When the customer place an order, the item_id and option_id are stored in the order_items table, from there it will generate invoice for the customer. However the price of the item always change every few months and it will affect old invoices information.
What are the solution to fix this problem? I do not want to store the price and item name in the order_items table.
I have read the possible solution is to create history_prices table (audit system via trigger or SQL insert query manually via php?), is Audit best solution or is there any other solution?
Can you provide example how do I create history_prices table, so when I change the price from item_options.option_price - it will be stored into history_prices table?
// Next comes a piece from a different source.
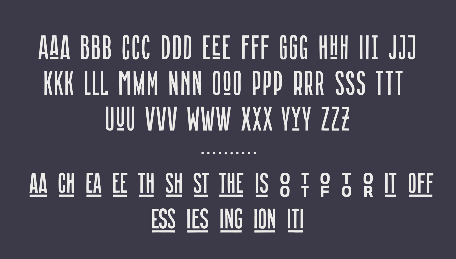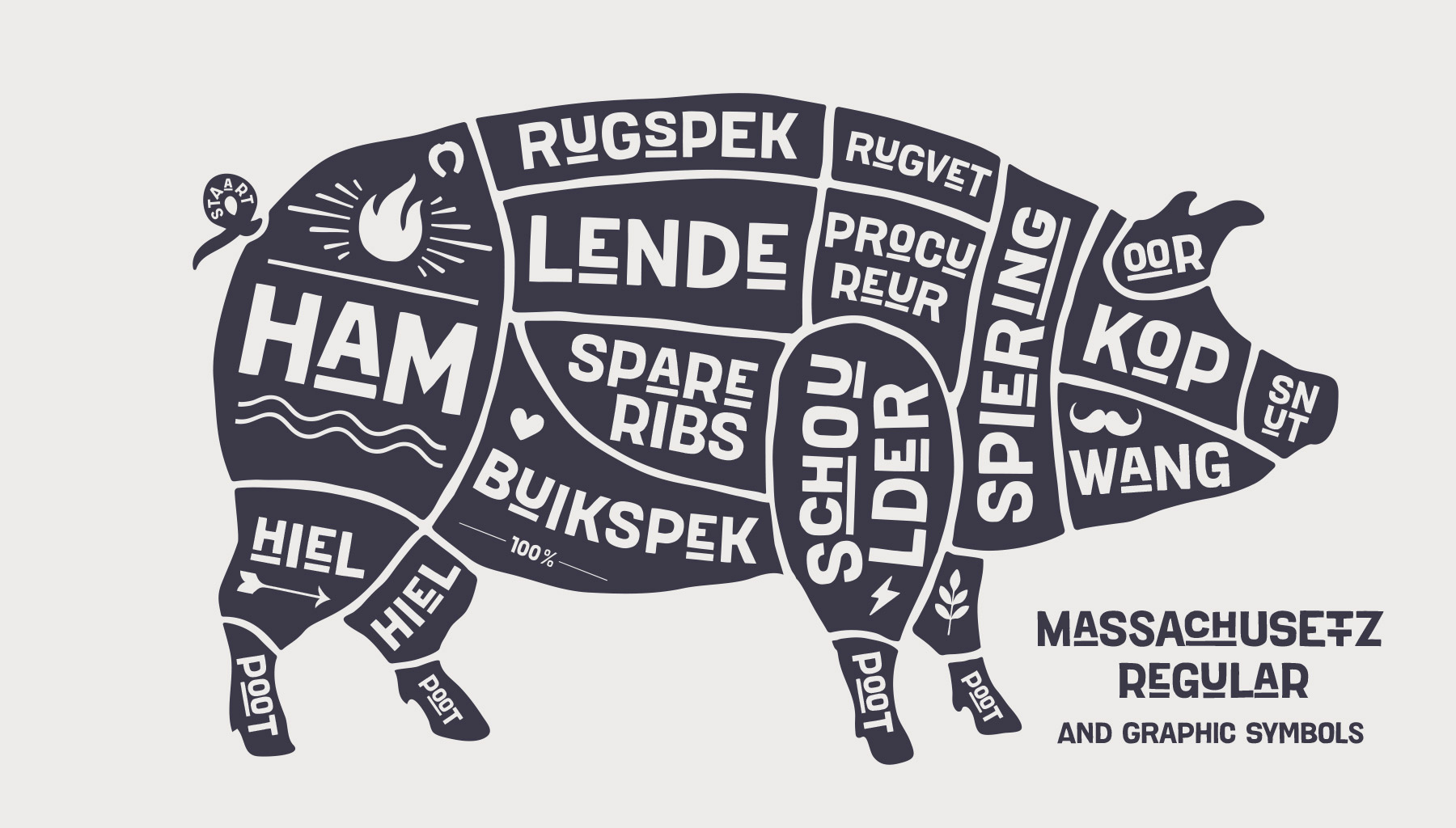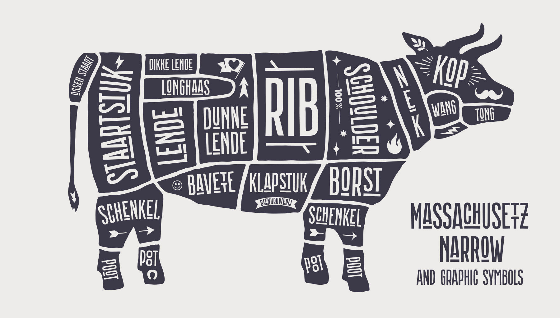 В шрифте Massachusettz содержится множество альтернативных букв, различных лигатур и графических элементов. Он легко адаптируется и уверенно взаимодействует с дизайнером, а также может изменяться в зависимости от контекста и цели использования.

Right now I have over 200,000 rows in item_options table, do I need to copy the prices into history_prices?
I need an efficient way so the invoices will not be affected from the new price change.
item_options table:
mysql> desc item_options;
+---------------+--------------+------+-----+---------+----------------+
| Field | Type | Null | Key | Default | Extra |
+---------------+--------------+------+-----+---------+----------------+
| option_id | int(11) | NO | PRI | NULL | auto_increment |
| item_id | int(11) | YES | MUL | NULL | |
| option_name | varchar(100) | YES | | NULL | |
| option_price | int(11) | YES | | NULL | |
+---------------+--------------+------+-----+---------+----------------+
order_items table:
mysql> desc order_items;
+----------------+---------+------+-----+---------+----------------+
| Field | Type | Null | Key | Default | Extra |
+----------------+---------+------+-----+---------+----------------+
| order_items_id | int(11) | NO | PRI | NULL | auto_increment |
| order_id | int(11) | NO | | NULL | |
| item_id | int(11) | NO | | NULL | |
| option_id | int(11) | NO | | NULL | |
+----------------+---------+------+-----+---------+----------------+
Check the following designs out:
Design 1: Stores a rolling history of changes to the item (New row if anything changes: name, description, price).
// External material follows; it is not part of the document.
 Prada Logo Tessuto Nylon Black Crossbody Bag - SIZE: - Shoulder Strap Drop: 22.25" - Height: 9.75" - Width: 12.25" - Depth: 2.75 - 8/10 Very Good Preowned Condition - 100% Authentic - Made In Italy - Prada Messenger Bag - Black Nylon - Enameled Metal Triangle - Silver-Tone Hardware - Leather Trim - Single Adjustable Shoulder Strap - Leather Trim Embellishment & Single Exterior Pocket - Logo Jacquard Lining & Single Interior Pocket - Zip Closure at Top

Design 2: New row on Price change only.
Alternatively, you can store the price with the order itself.
This is a matter of opinion, some will agree that a historical price lookup will be ok, my opinion is that it is not.
The problem with looking up a history of prices and determining the invoice price from that is there is plenty of room for error. You will have several pieces of logic used to determine the right price, all of which are prone to errors. You could forget to convert the time zone of the invoice, and this could cause it to be on the wrong side of a price change. You could forget to make any applied discounts or coupon codes date sensitive, etc. What about ever changing shipping charges?
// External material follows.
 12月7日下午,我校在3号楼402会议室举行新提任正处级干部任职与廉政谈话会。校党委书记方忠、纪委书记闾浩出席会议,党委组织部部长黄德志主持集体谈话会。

It is best to store the actual invoice price with the invoice itself. Disk space is cheap, use the redundancy to sleep better at night.
The best thing you can do is creating a a column in order_items for the price. And that's also the most straightforward.
If you want to create a table with price history for reporting use, that might be fine. But do not give yourself the painful headache of querying the price history just to get some items' price. The price IS an attribute of the item. The price might change due to promotion, discount, special offer, etc.